(Beginning of GIVEN RECORDS)
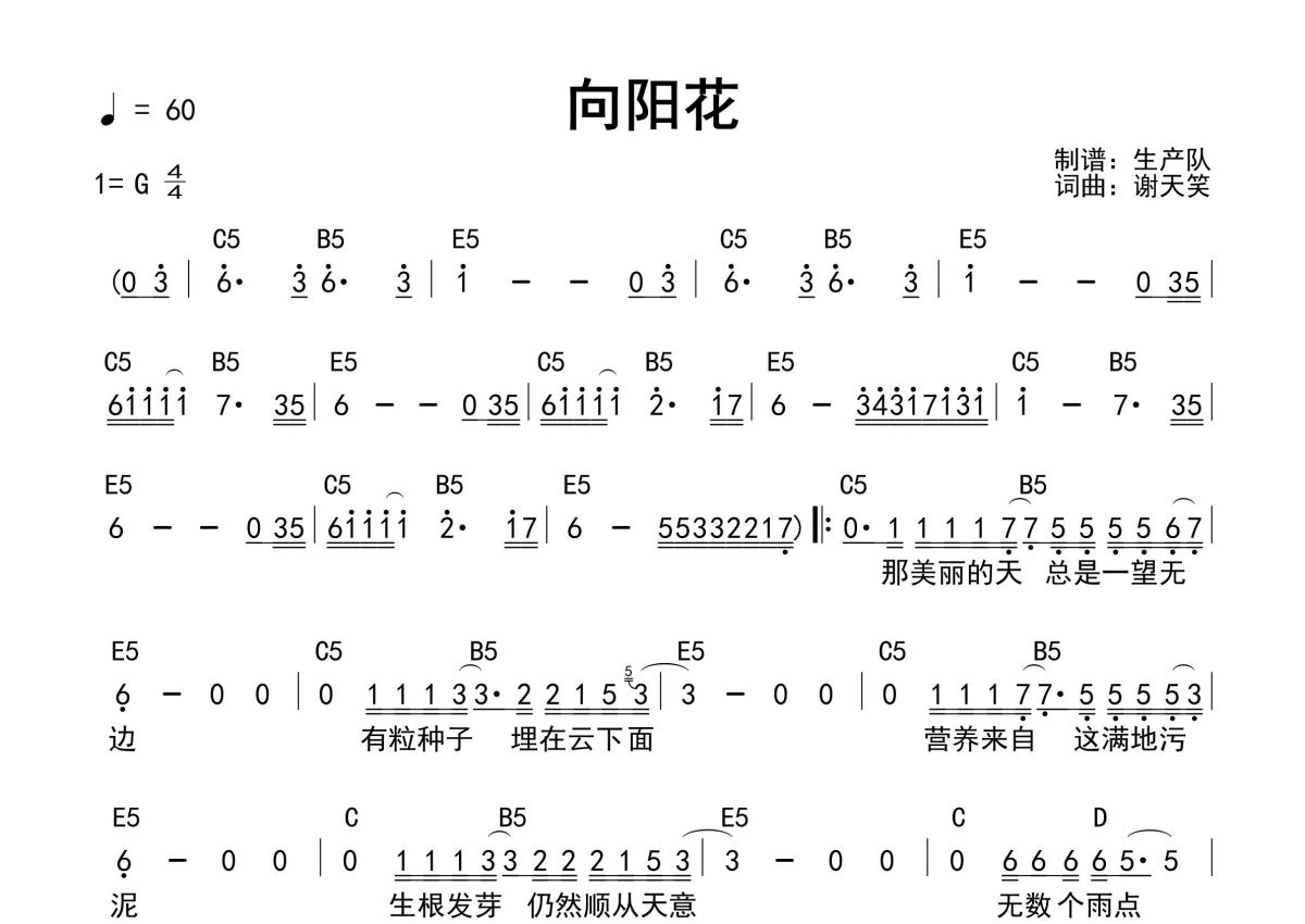 《向阳花(和弦谱)》是和弦谱演唱的一首歌曲,和弦谱,拍号为4/4拍,歌曲速度为每分钟60拍,这份简谱共有一张高清图谱,图谱由 @生产队 编配上传谢天笑演唱的经典歌曲《向阳花》和弦弹唱谱,免翻页编配,弹唱必弹曲目。
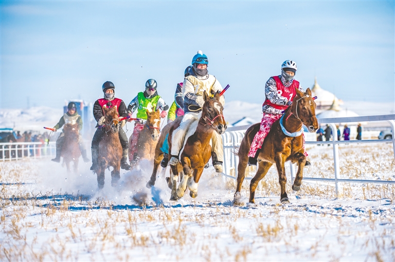 1月18日,錫林浩特市那達(dá)慕風(fēng)情園內(nèi)馬蹄踏雪、人聲鼎沸,“歌游內(nèi)蒙古·暢享錫林浩特”——冬季那達(dá)慕暨蒙古馬超級(jí)聯(lián)賽在歡騰的歌聲中拉開序幕。開幕式上,隨著馬蹄的噠噠聲,一支雄壯的馬隊(duì)踏雪而來(lái),騎手們身著艷麗的蒙古袍,駕馭著矯健的蒙古馬,以整齊的隊(duì)列自遠(yuǎn)處緩緩走來(lái)。歌聲悠揚(yáng),舞姿豪邁,演員們以動(dòng)人的演繹,完美詮釋了力量與藝術(shù)之美。本次賽事包含15公里耐力賽、10公里3人團(tuán)體接力賽、跑馬射箭、跑馬拾哈達(dá)、6公里走馬及搏克比賽等比賽項(xiàng)目。賽場(chǎng)上,騎手們馭馬飛馳,人與馬默契配合,在銀裝素裹的雪原上縱橫馳騁。在跑馬射箭與跑馬拾哈達(dá)項(xiàng)目上,騎手在飛奔的馬匹上挽弓搭箭、俯身拾物,動(dòng)作行云流水,精湛技藝引來(lái)觀眾陣陣驚呼與贊嘆。除了扣人心弦的比賽,本次活動(dòng)還為游客打造了豐富的冰雪互動(dòng)體驗(yàn)。冰雪涮肉宴香氣四溢,草原篝火電音派對(duì)將熱情推向高潮,千人雪戰(zhàn)、雪地拔河等趣味項(xiàng)目讓游客親身參與,盡情享受冰雪樂(lè)趣?,F(xiàn)場(chǎng)還同步舉辦了錫林浩特“伊德喜”草原冬儲(chǔ)肉展銷活動(dòng),讓游客在觀賽之余,還能選購(gòu)到正宗錫林郭勒牛羊肉,體驗(yàn)純正的草原風(fēng)味。(記者
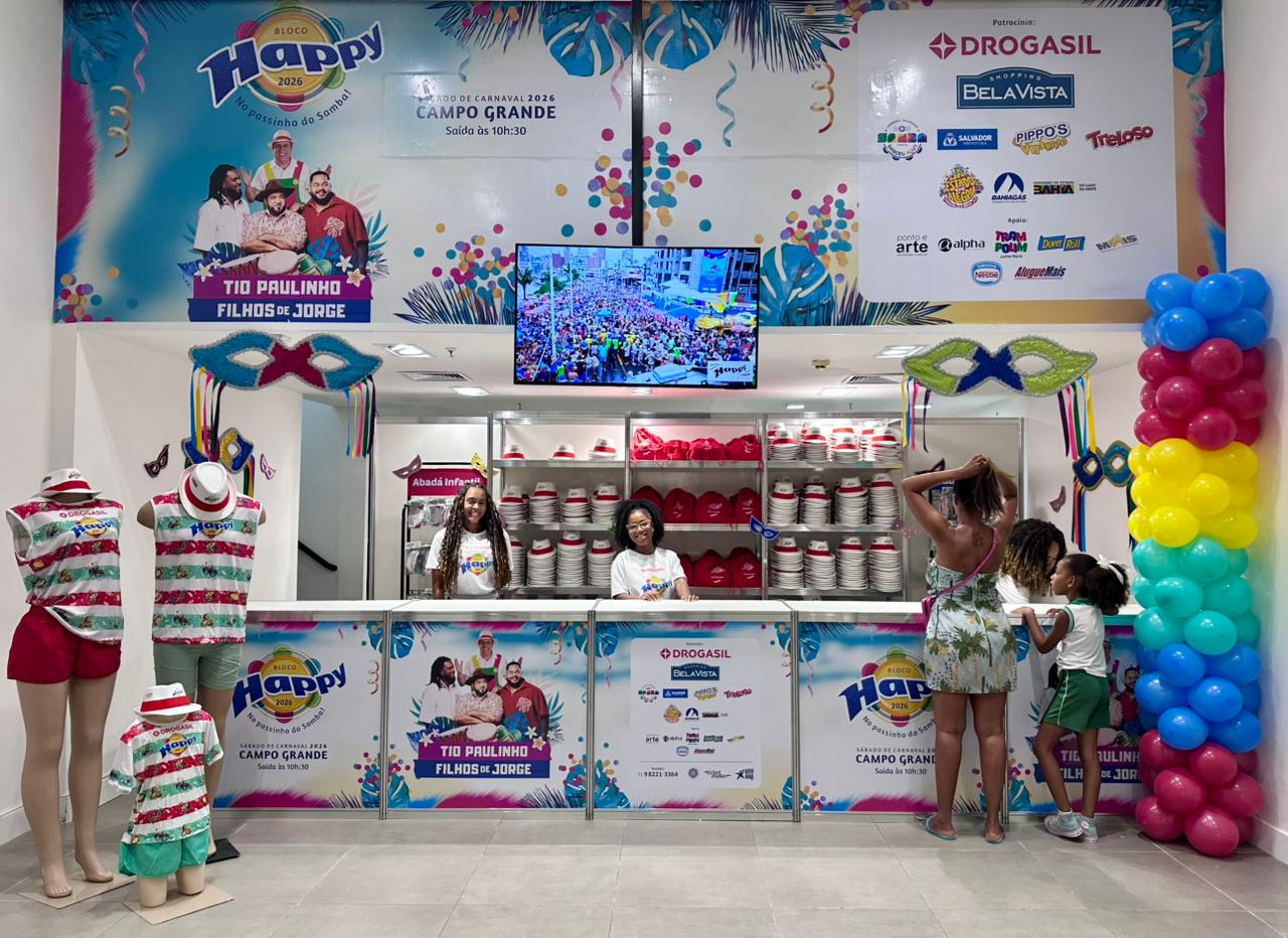 A expectativa para o Carnaval 2026 já toma conta do Bloco Happy, que iniciou hoje (10) a entrega dos abadás. A retirada acontece no Shopping Bela Vista, piso L2, das 9h às 22h. Tio Paulinho e a banda Filhos de Jorge convidam as famílias para o sábado (14/02) de carnaval no Bloco Happy. No circuito Campo Grande, a folia será marcada pela alegria, diversão e valorização da cultura e música baiana. Os últimos abadás do Bloco Happy estão à venda no stand de entrega do Shopping Bela Vista e na Central do CarnavalTicket Maker e Quero Abadá. “Não só as crianças mas também os pais estão super animados com o abadá temático que faz referência ao samba. Ao invés de bonés, vamos usar chapéu de sambistas”, antecipa Tio Paulinho.
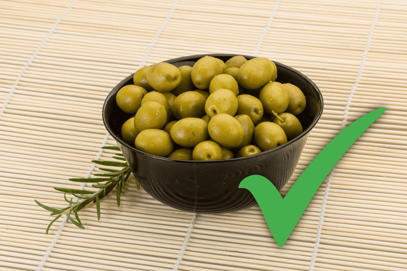 Green olives? Yes, they can! As always, however, moderation matters – and make sure they are pitted.
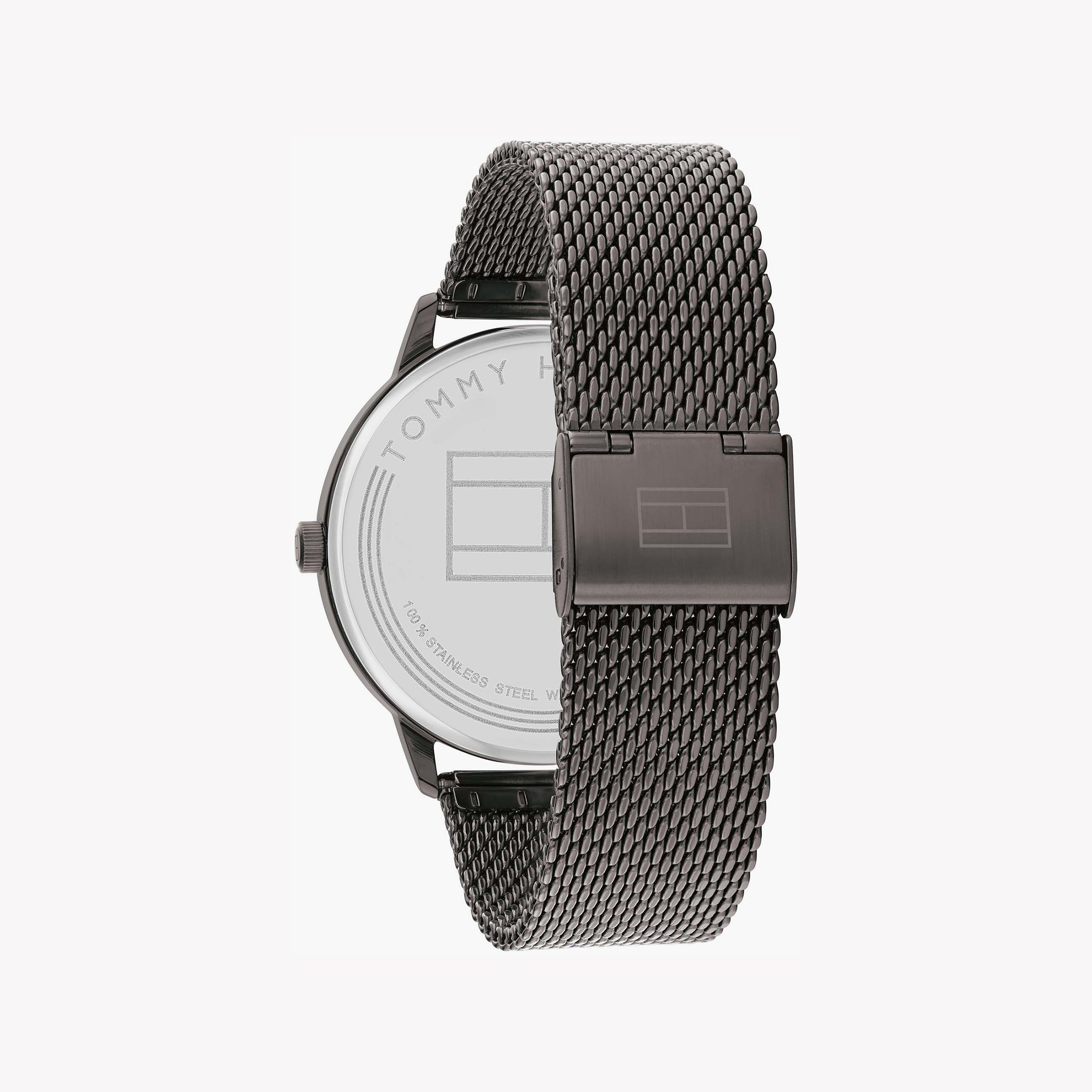 TOMMY HILFIGER 1674782 MODERNE SLEEK-GRAUE EDELSTAHL-HERRENUHR mit blauem Zifferblatt
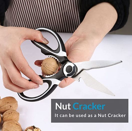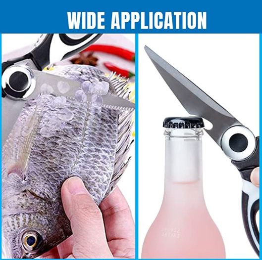 SUPER KITCHEN ASSISTANT MULTIFUNCTIONAL SCISSORSAdapt to a large number of kitchen work. It can cut meat, poultry, fish, vegetables etc. You can also use it to scrape fish scales, crack nuts, open bottles etc. Does not need chopping boards or choppers, making kitchen work more convenient. Has a micro-serrated edge for slip proof cutting, comfortable easy grip handles. Great grip for both right and left handed. Made of 3CR13 steel, this heavy duty scissors with ultra sharp blades are forged from top premium grade stainless steel that is rust- resistant and corrosion resistant. It is light and effortless while easily outperforming all other shears. The environmentally friendly material handle, stylish and anti-skid, is light and comfortable. The handle has stainless steel embedded in it making it solid and durable
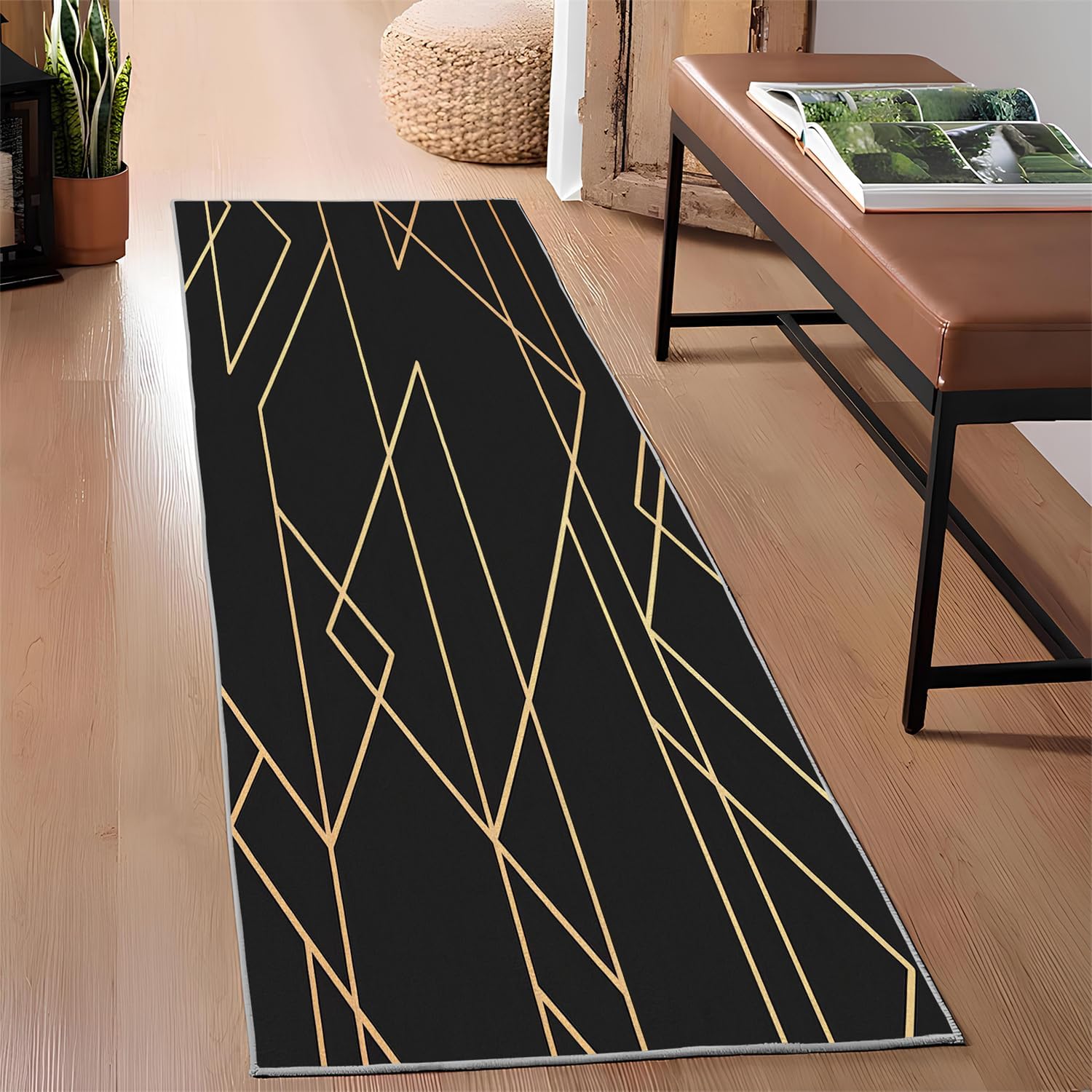 Geometry Area Rug 2x3, Golden Lines Washable Entryway Rugs Indoor, Non Slip Low Pile Area Rug for Bedroom Carpet, Small Rugs for Office Nursery Play Mat(B39)
(End of GIVEN RECORDS)
**REQUIREMENT**
Write out the entries again, exactly as given, skipping any images.

**SOLUTION TO THIS EXERCISE**
 《向阳花(和弦谱)》是和弦谱演唱的一首歌曲,和弦谱,拍号为4/4拍,歌曲速度为每分钟60拍,这份简谱共有一张高清图谱,图谱由 @生产队 编配上传谢天笑演唱的经典歌曲《向阳花》和弦弹唱谱,免翻页编配,弹唱必弹曲目。
 1月18日,錫林浩特市那達(dá)慕風(fēng)情園內(nèi)馬蹄踏雪、人聲鼎沸,“歌游內(nèi)蒙古·暢享錫林浩特”——冬季那達(dá)慕暨蒙古馬超級(jí)聯(lián)賽在歡騰的歌聲中拉開序幕。開幕式上,隨著馬蹄的噠噠聲,一支雄壯的馬隊(duì)踏雪而來(lái),騎手們身著艷麗的蒙古袍,駕馭著矯健的蒙古馬,以整齊的隊(duì)列自遠(yuǎn)處緩緩走來(lái)。歌聲悠揚(yáng),舞姿豪邁,演員們以動(dòng)人的演繹,完美詮釋了力量與藝術(shù)之美。本次賽事包含15公里耐力賽、10公里3人團(tuán)體接力賽、跑馬射箭、跑馬拾哈達(dá)、6公里走馬及搏克比賽等比賽項(xiàng)目。賽場(chǎng)上,騎手們馭馬飛馳,人與馬默契配合,在銀裝素裹的雪原上縱橫馳騁。在跑馬射箭與跑馬拾哈達(dá)項(xiàng)目上,騎手在飛奔的馬匹上挽弓搭箭、俯身拾物,動(dòng)作行云流水,精湛技藝引來(lái)觀眾陣陣驚呼與贊嘆。除了扣人心弦的比賽,本次活動(dòng)還為游客打造了豐富的冰雪互動(dòng)體驗(yàn)。冰雪涮肉宴香氣四溢,草原篝火電音派對(duì)將熱情推向高潮,千人雪戰(zhàn)、雪地拔河等趣味項(xiàng)目讓游客親身參與,盡情享受冰雪樂(lè)趣?,F(xiàn)場(chǎng)還同步舉辦了錫林浩特“伊德喜”草原冬儲(chǔ)肉展銷活動(dòng),讓游客在觀賽之余,還能選購(gòu)到正宗錫林郭勒牛羊肉,體驗(yàn)純正的草原風(fēng)味。(記者
 A expectativa para o Carnaval 2026 já toma conta do Bloco Happy, que iniciou hoje (10) a entrega dos abadás. A retirada acontece no Shopping Bela Vista, piso L2, das 9h às 22h. Tio Paulinho e a banda Filhos de Jorge convidam as famílias para o sábado (14/02) de carnaval no Bloco Happy. No circuito Campo Grande, a folia será marcada pela alegria, diversão e valorização da cultura e música baiana. Os últimos abadás do Bloco Happy estão à venda no stand de entrega do Shopping Bela Vista e na Central do CarnavalTicket Maker e Quero Abadá. “Não só as crianças mas também os pais estão super animados com o abadá temático que faz referência ao samba. Ao invés de bonés, vamos usar chapéu de sambistas”, antecipa Tio Paulinho.
 Green olives? Yes, they can! As always, however, moderation matters – and make sure they are pitted.
 TOMMY HILFIGER 1674782 MODERNE SLEEK-GRAUE EDELSTAHL-HERRENUHR mit blauem Zifferblatt
 SUPER KITCHEN ASSISTANT MULTIFUNCTIONAL SCISSORSAdapt to a large number of kitchen work. It can cut meat, poultry, fish, vegetables etc. You can also use it to scrape fish scales, crack nuts, open bottles etc. Does not need chopping boards or choppers, making kitchen work more convenient. Has a micro-serrated edge for slip proof cutting, comfortable easy grip handles. Great grip for both right and left handed. Made of 3CR13 steel, this heavy duty scissors with ultra sharp blades are forged from top premium grade stainless steel that is rust- resistant and corrosion resistant. It is light and effortless while easily outperforming all other shears. The environmentally friendly material handle, stylish and anti-skid, is light and comfortable. The handle has stainless steel embedded in it making it solid and durable
 Geometry Area Rug 2x3, Golden Lines Washable Entryway Rugs Indoor, Non Slip Low Pile Area Rug for Bedroom Carpet, Small Rugs for Office Nursery Play Mat(B39)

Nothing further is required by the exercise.